Freccia Orobica, 50 anni verso il mare Ma quest’estate non sarà sui binari

Freccia Orobica, 50 anni verso il mare
Ma quest’estate non sarà sui binari

Dal 1° giugno del 1970 ha trasportato migliaia di bergamaschi in vacanza sull’Adriatico. Un mese di lavori ad agosto, l’emergenza Covid-19 e i dubbi sul turismo: il servizio tornerà l’anno prossimo.

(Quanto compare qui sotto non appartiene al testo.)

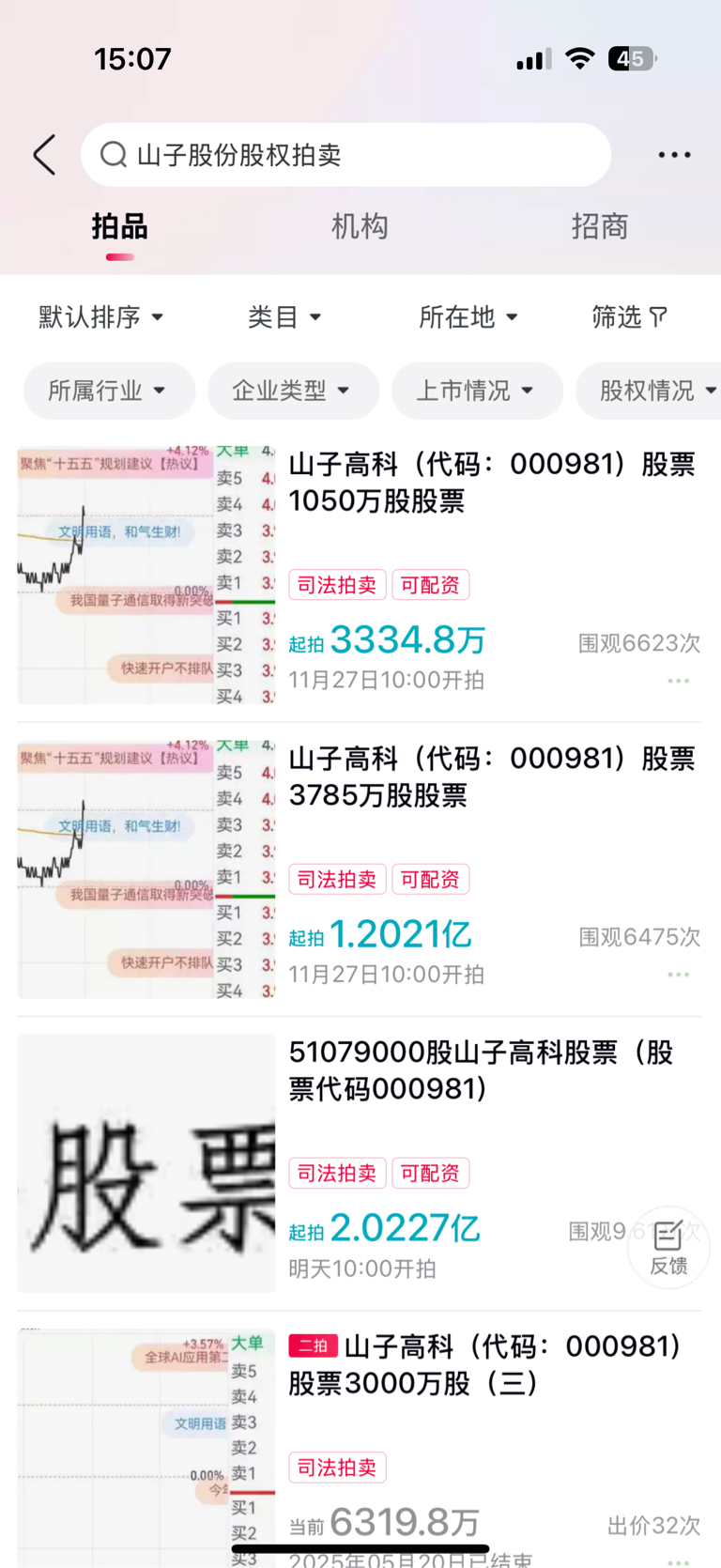 $山子高科(SZ000981)$ 怎么又有上新的拍卖了

«Dietro una curva, improvvisamente, il mare». Ivano Fossati cantava quello di Genova, ma va benissimo per l’Adriatico che compariva dai finestrini della Freccia Orobica poco prima di Lido di Classe-Lido di Savio, dopo 4 ore e mezzo di viaggio da Bergamo. E poi Cervia-Milano Marittima, Cesenatico, Bellaria, Igea Marina, Rimini, Miramare, Riccione, Misano Adriatico, Cattolica-Gabicce e Pesaro. Il capolinea del mare dei bergamaschi. Che, per carità, trovi sulle spiagge di mezzo mondo, ma quell’Adriatico sa di noi.

Quest’anno la Freccia Orobica ha compiuto 50 anni: il primo viaggio è datato 1° giugno 1970, con tanto di benedizione delle carrozze dell’arcivescovo Clemente Gaddi. Ma purtroppo il treno non festeggerà le nozze d’oro con i bergamaschi, per una serie di motivi. Il primo, tecnico: dal 1° al 31 agosto è previsto un importante intervento di ammodernamento tecnico sulla tratta Suzzara-Ferrara dove verrà installato l’Smct, acronimo di sistema di controllo marcia treno. Di conseguenza nel bel mezzo dell’estate il servizio sarebbe stato comunque sospeso.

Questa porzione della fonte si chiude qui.